## Exercise brief
Could you retype, exactly and with no pictures, only the lines from the first line of the records below through the line that contains "Na chętnych po"?

## Data for this exercise

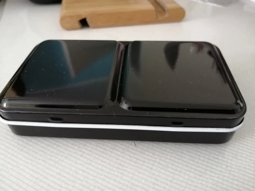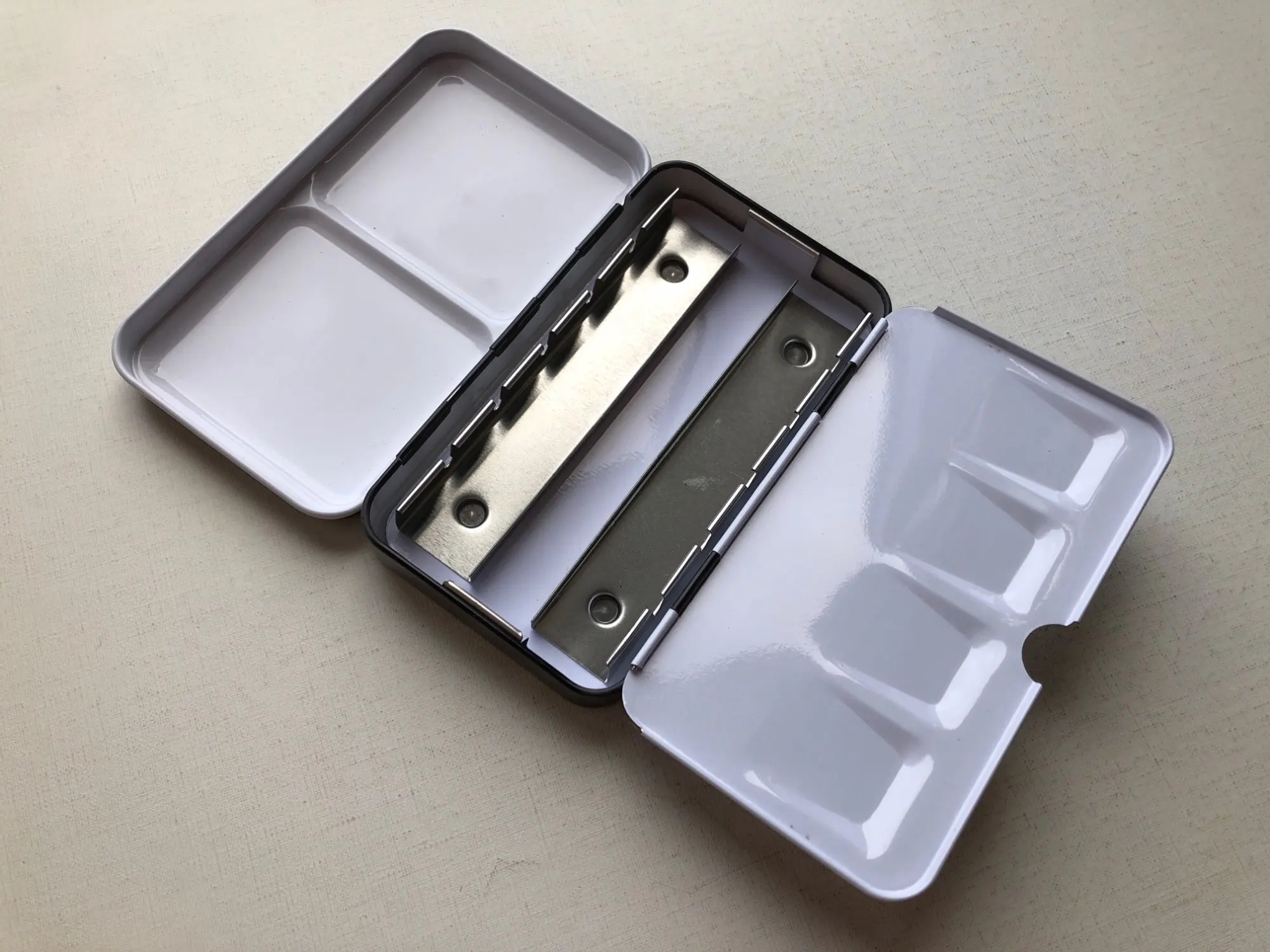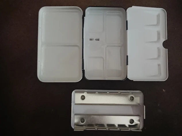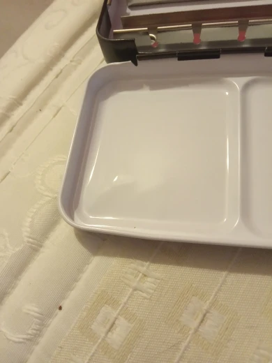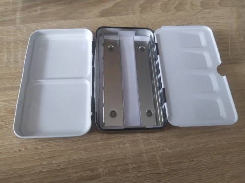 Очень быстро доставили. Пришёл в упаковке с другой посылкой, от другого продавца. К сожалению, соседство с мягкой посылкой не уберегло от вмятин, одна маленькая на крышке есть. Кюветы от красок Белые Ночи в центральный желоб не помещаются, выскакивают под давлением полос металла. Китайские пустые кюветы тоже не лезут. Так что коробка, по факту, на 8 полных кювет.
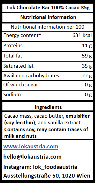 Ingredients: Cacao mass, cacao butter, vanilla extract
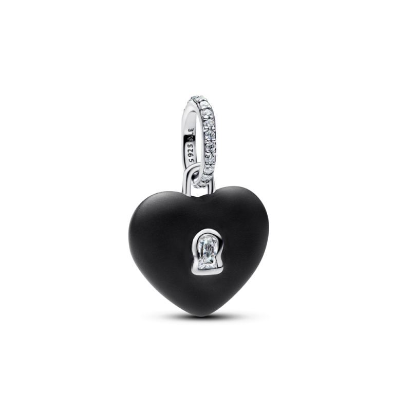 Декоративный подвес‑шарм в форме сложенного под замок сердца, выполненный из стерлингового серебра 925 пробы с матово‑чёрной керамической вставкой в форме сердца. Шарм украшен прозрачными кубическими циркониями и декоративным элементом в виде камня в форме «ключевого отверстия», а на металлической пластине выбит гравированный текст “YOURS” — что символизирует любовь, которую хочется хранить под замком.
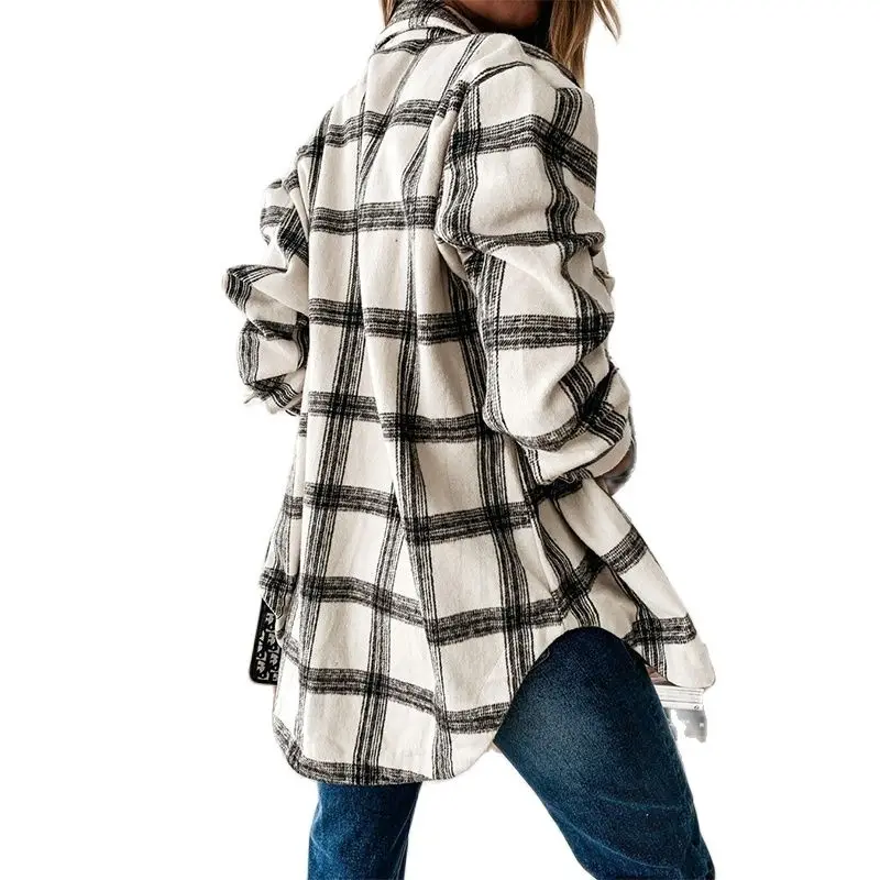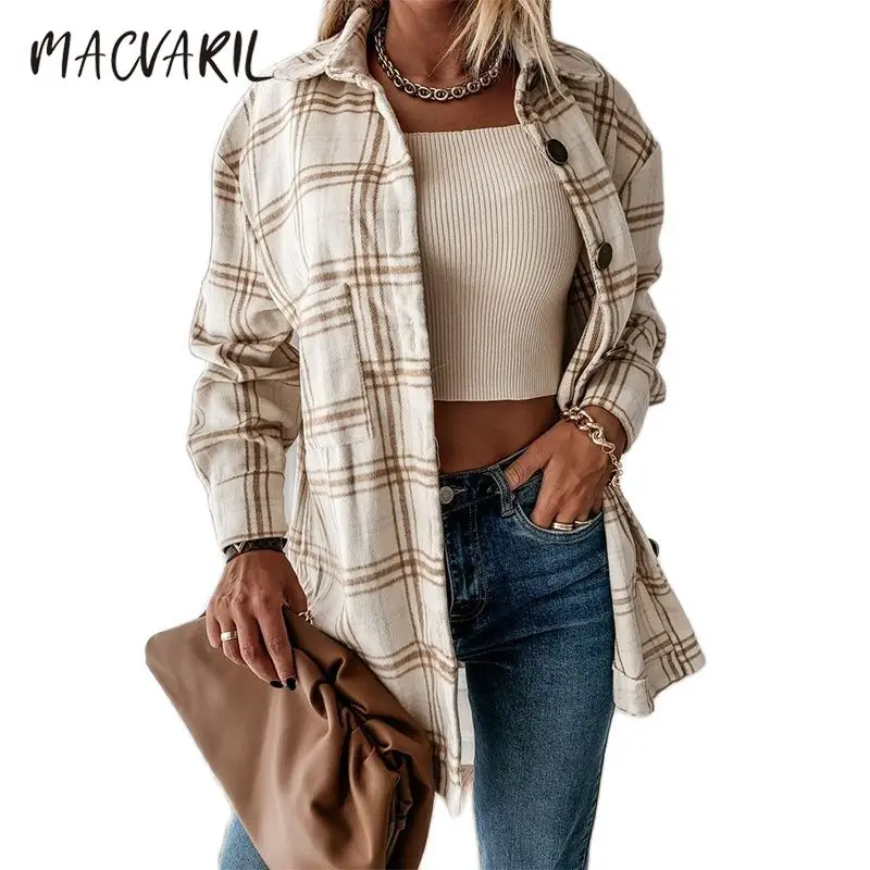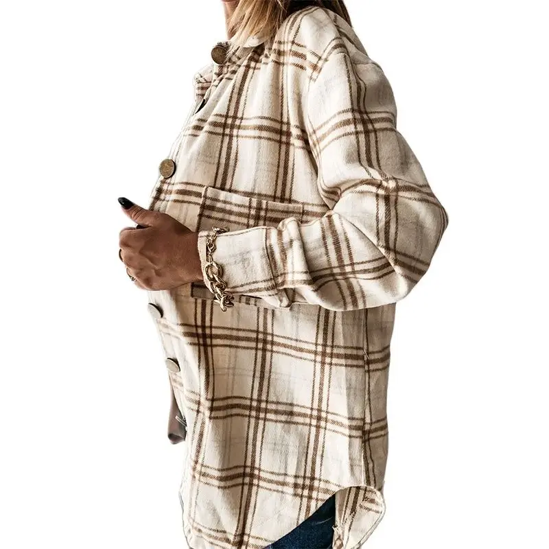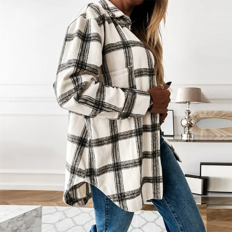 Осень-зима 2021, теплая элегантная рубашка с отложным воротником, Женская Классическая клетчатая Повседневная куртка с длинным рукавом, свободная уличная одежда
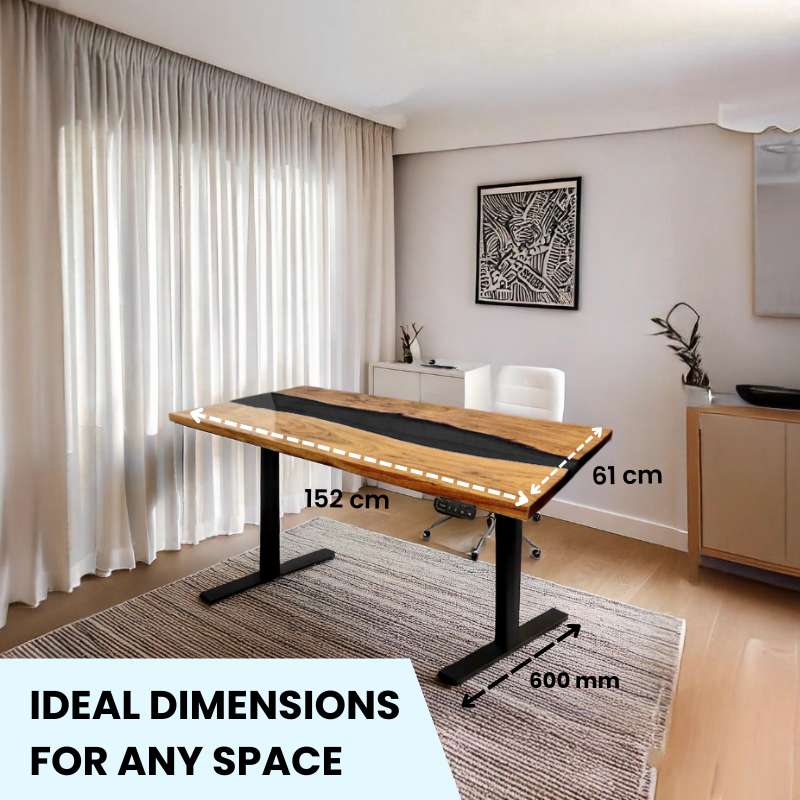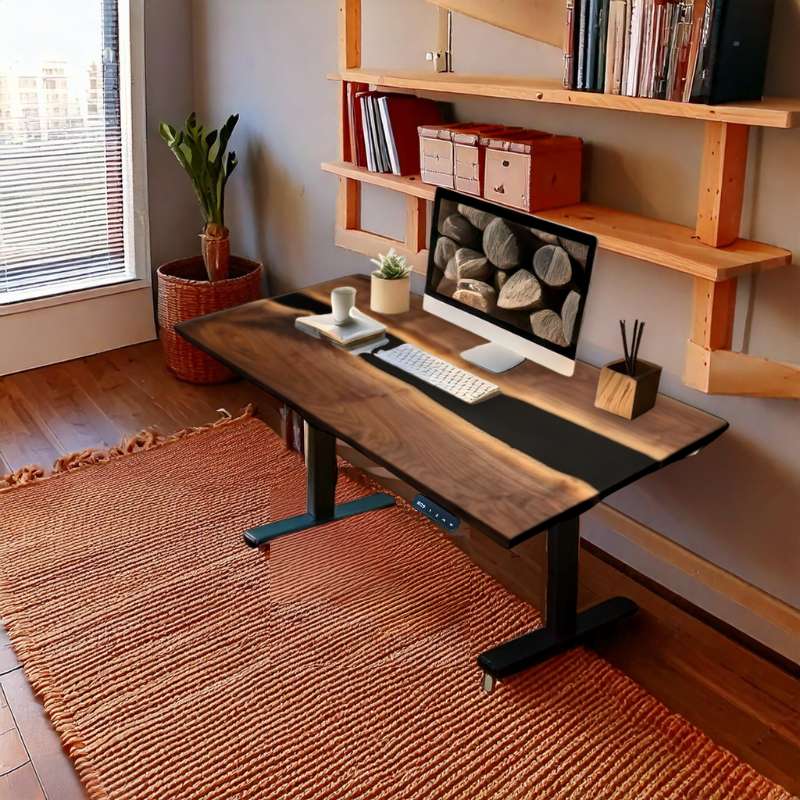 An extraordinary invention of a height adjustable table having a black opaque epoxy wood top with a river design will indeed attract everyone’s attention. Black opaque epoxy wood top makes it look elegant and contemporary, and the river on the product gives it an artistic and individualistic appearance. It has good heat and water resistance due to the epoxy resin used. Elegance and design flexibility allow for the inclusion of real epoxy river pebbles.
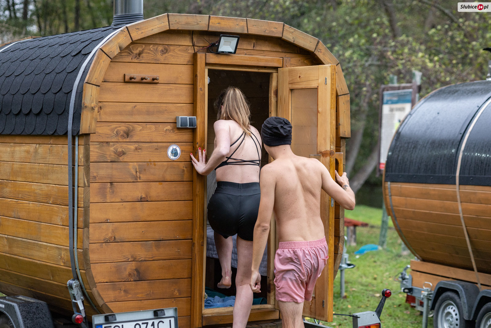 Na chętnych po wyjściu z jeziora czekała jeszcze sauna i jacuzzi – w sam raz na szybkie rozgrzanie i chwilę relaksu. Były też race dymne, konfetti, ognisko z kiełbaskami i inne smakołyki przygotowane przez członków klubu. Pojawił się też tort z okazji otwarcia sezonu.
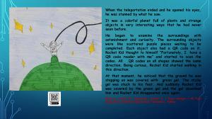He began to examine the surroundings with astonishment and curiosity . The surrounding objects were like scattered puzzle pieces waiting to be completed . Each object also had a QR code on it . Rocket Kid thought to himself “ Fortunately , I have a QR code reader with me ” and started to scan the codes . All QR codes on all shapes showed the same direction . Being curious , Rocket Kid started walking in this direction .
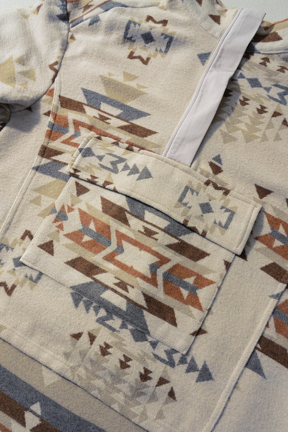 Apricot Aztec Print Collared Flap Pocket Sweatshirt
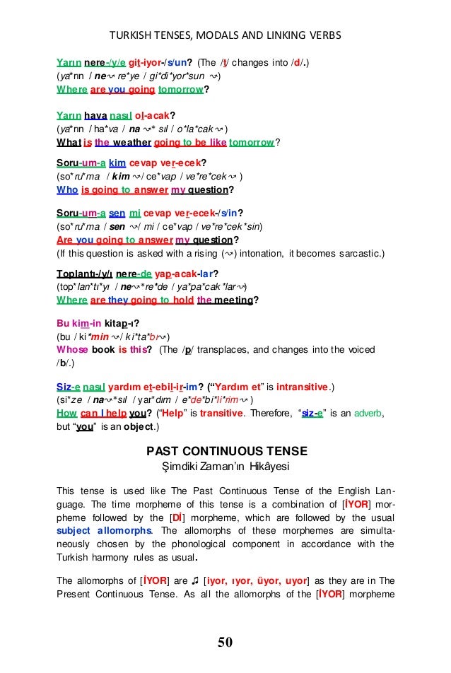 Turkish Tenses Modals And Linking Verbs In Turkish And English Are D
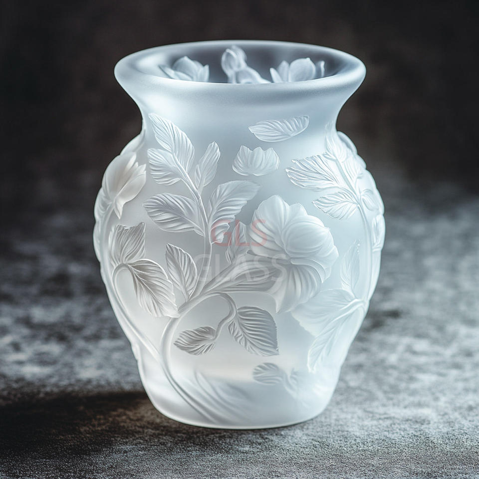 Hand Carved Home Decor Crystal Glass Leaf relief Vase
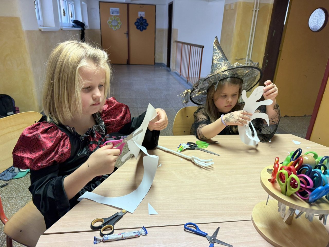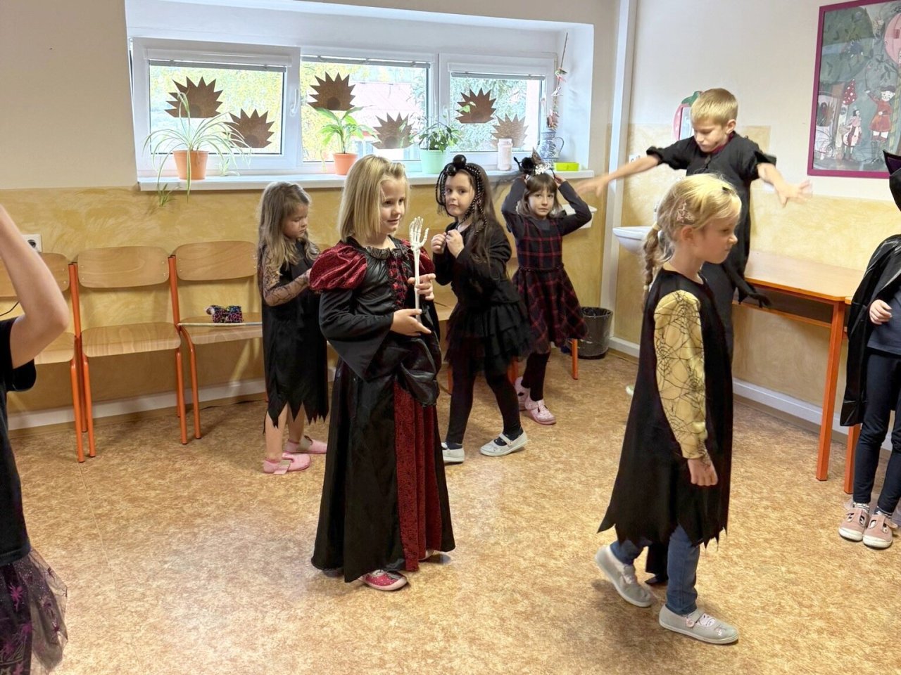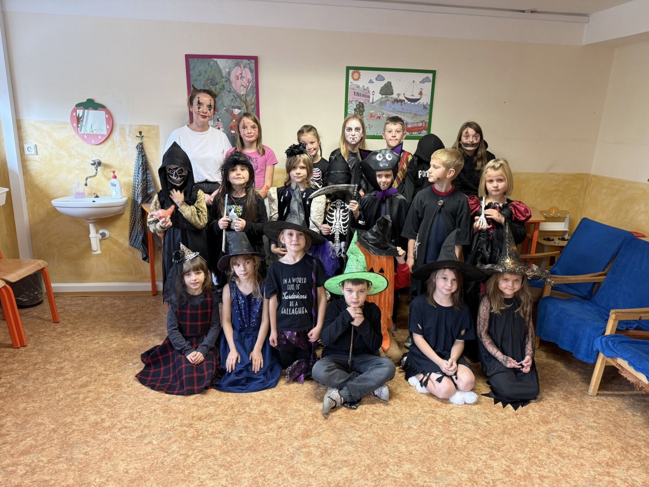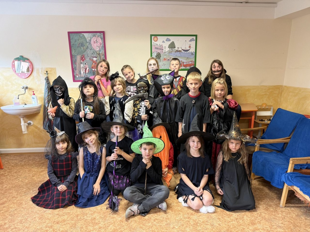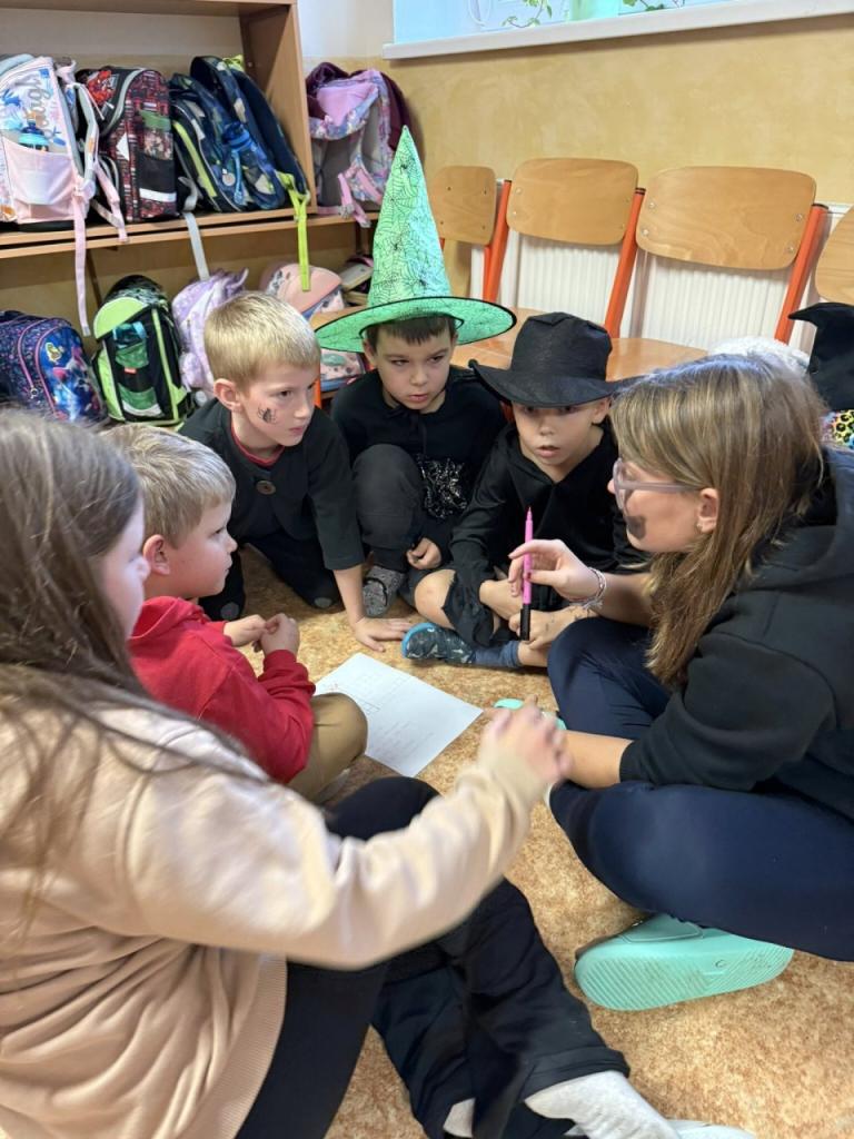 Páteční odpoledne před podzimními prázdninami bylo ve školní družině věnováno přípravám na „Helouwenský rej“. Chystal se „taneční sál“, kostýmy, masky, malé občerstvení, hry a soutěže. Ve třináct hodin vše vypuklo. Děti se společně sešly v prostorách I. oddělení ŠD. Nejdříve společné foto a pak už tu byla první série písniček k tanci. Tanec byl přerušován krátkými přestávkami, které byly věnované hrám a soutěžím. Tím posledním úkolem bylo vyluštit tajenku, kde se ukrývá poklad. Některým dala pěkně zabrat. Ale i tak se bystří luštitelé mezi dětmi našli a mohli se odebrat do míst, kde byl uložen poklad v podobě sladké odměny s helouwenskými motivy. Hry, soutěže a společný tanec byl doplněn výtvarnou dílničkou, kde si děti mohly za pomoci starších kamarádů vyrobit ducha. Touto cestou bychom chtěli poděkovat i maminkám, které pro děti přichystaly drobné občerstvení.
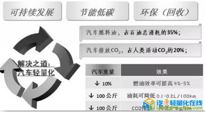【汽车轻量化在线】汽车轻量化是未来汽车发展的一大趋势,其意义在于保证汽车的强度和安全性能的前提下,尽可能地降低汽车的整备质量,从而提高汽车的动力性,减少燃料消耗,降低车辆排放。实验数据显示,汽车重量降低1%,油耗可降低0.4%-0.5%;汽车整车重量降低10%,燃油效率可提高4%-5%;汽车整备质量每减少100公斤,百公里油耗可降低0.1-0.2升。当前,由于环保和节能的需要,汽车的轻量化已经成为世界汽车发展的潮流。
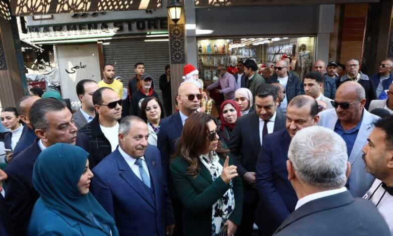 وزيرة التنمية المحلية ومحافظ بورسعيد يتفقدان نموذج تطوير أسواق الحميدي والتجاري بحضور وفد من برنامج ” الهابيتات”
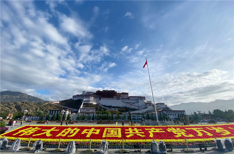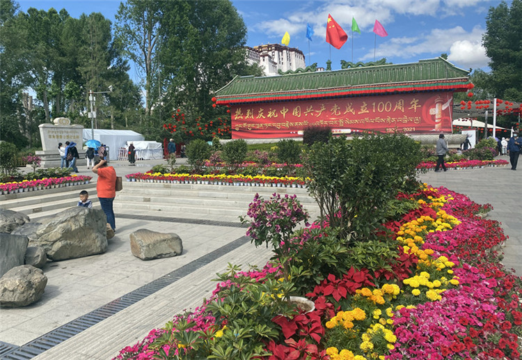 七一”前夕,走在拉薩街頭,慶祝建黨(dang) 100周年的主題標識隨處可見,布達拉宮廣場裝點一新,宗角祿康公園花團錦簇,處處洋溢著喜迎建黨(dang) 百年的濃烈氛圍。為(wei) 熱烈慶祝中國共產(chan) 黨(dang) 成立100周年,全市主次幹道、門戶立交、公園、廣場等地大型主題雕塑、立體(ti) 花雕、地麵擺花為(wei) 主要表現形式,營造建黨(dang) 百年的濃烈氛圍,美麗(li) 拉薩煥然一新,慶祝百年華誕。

## Result for this exercise
 Очень быстро доставили. Пришёл в упаковке с другой посылкой, от другого продавца. К сожалению, соседство с мягкой посылкой не уберегло от вмятин, одна маленькая на крышке есть. Кюветы от красок Белые Ночи в центральный желоб не помещаются, выскакивают под давлением полос металла. Китайские пустые кюветы тоже не лезут. Так что коробка, по факту, на 8 полных кювет.
 Ingredients: Cacao mass, cacao butter, vanilla extract
 Декоративный подвес‑шарм в форме сложенного под замок сердца, выполненный из стерлингового серебра 925 пробы с матово‑чёрной керамической вставкой в форме сердца. Шарм украшен прозрачными кубическими циркониями и декоративным элементом в виде камня в форме «ключевого отверстия», а на металлической пластине выбит гравированный текст “YOURS” — что символизирует любовь, которую хочется хранить под замком.
 Осень-зима 2021, теплая элегантная рубашка с отложным воротником, Женская Классическая клетчатая Повседневная куртка с длинным рукавом, свободная уличная одежда
 An extraordinary invention of a height adjustable table having a black opaque epoxy wood top with a river design will indeed attract everyone’s attention. Black opaque epoxy wood top makes it look elegant and contemporary, and the river on the product gives it an artistic and individualistic appearance. It has good heat and water resistance due to the epoxy resin used. Elegance and design flexibility allow for the inclusion of real epoxy river pebbles.
 Na chętnych po wyjściu z jeziora czekała jeszcze sauna i jacuzzi – w sam raz na szybkie rozgrzanie i chwilę relaksu. Były też race dymne, konfetti, ognisko z kiełbaskami i inne smakołyki przygotowane przez członków klubu. Pojawił się też tort z okazji otwarcia sezonu.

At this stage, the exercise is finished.